If your vision slowly deteriorates, you experience loss of vision or any of the other symptoms of blurred vision, you should reach out to your optometrist or eye doctor.

How is blurred vision treated?

In the case that blurred vision is caused by a decrease in blood sugar, it can help to eat foods that are rich in fast-acting sugars, like fruit juices and sweets. Glucose tablets can also be used to increase blood sugar in a flash.

Depending on the actual cause of the blurred vision, other treatments can range from eye drops and medications to laser eye surgeries.

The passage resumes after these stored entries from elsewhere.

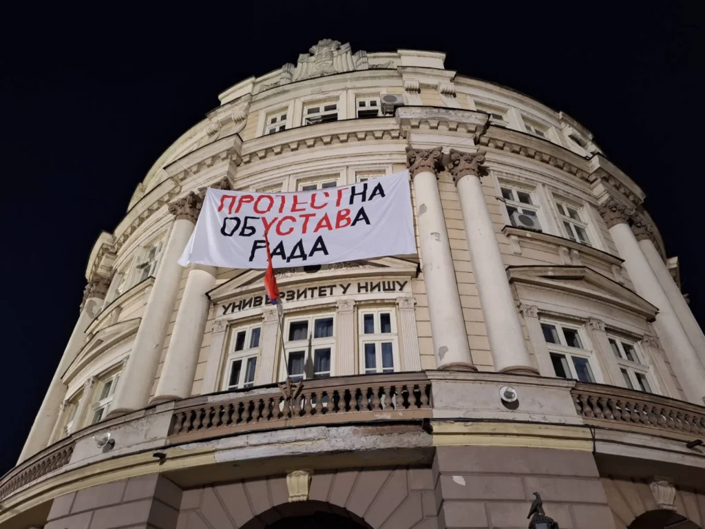 U Nišu su protesti održani pod parolom „Bani u Banovinu“. Tokom protesne šetnje, okupljeni su došli do zgrade Univerziteta u Nišu gde su okačili transparent „Protestna obUSTAVa rada“.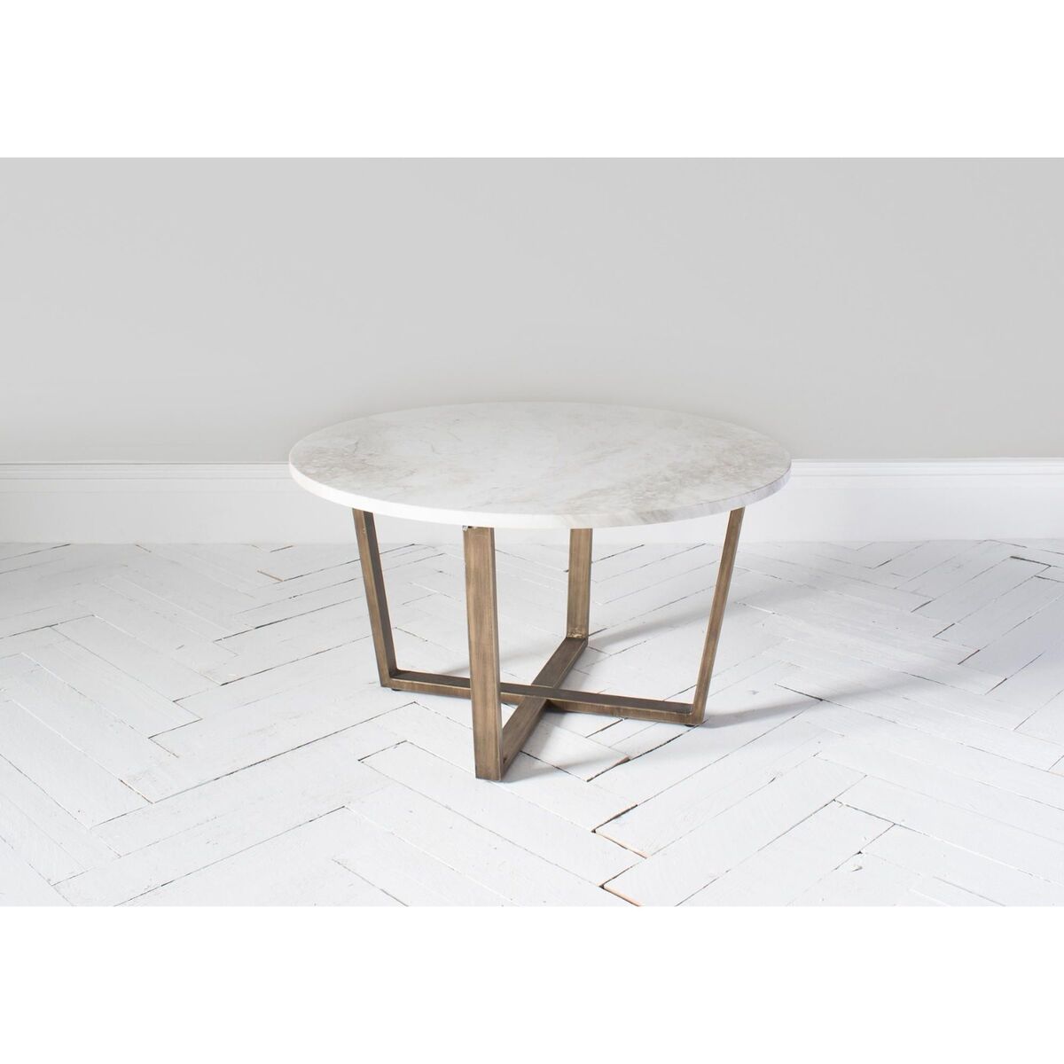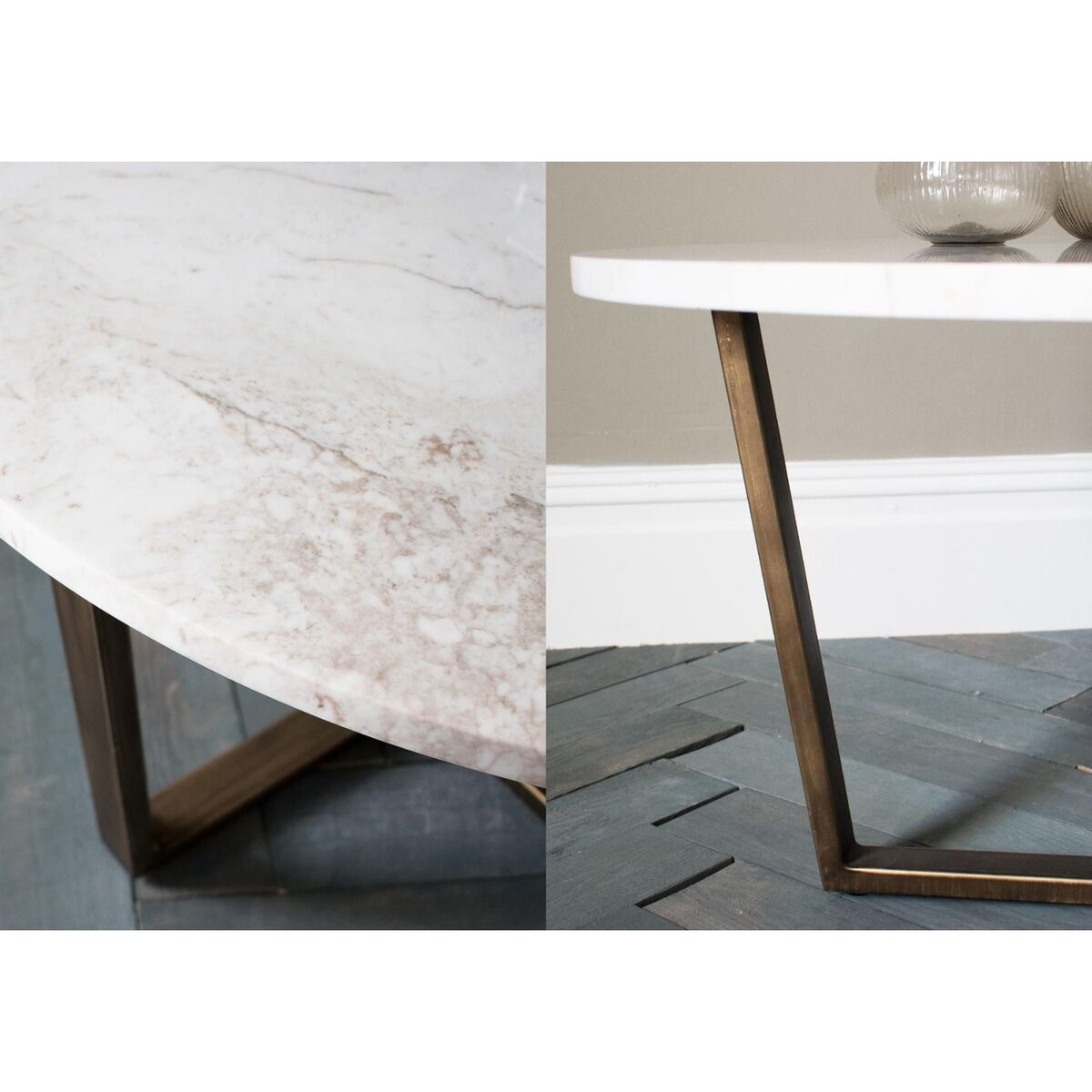 The Chloe coffee table transfers the refinement of the old times to a modern shape. Its low brushed bronze metal base is slightly angled and has been beautifully combined with a white marble top with neutral grain tones. Splendid and textural, the Chloe will create a beautiful focal point in any room while adding a stylish surface to display your favourite vases. The Chloe coffee table is part of the Chloe range and is available as a Console, Side or Dining Table. Discover: The Chloe Range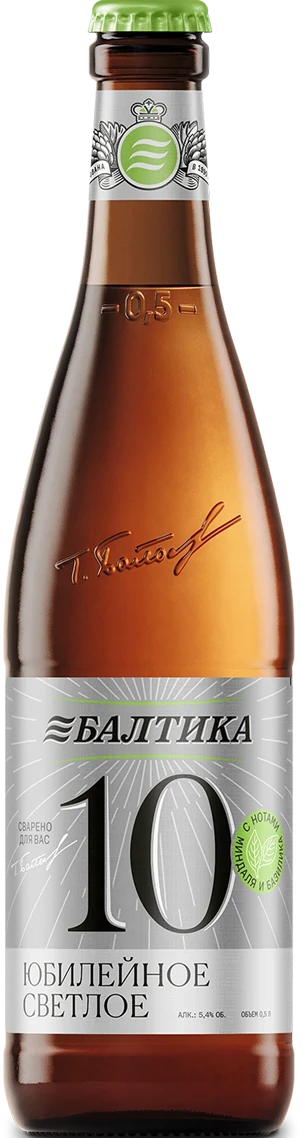 — пивной напиток «Балтика № 10 Юбилейное», в стеклянной бутылке объёмом 0,5 л.

How is blurred vision prevented?

Sometimes, blurred vision can simply not be prevented, however, you can adopt certain practices to look after your eyes, lowering the risk of causes related to lifestyle:

  • Schedule regular eye tests and contact lens check-ups to keep track of your prescription and eye health.
  • Incorporate foods that are good for your eyes into your diet, including leafy greens, fresh fish and fruit, and avoid high blood pressure and high blood sugar.
  • Opt for UV contact lenses to protect your eyes from harmful UV rays, paired with good quality sunglasses.
  • Avoid smoking or drinking heavily to lower your risk of developing eye diseases down the line.
  • Wash your hands for 20 seconds with clean, warm water and dry them with a lint-free towel before putting on or taking out your contact lenses to avoid nasty eye infections.
  • Avoid sleeping with contact lenses, unless advised by your optician and if you’ve chosen a longer wearing pattern, store them in a multi-purpose solution.
  • Swimming with contact lenses or showering with contact lenses is not advised, as bacteria from the water can become trapped in your eyes, possibly causing an eye infection or eye conditions down the line.
  • Follow the wearing pattern and eye care routine that your optician has recommended.
  • Choose protective goggles when swimming, skiing, playing extreme sports or doing any DIY activities.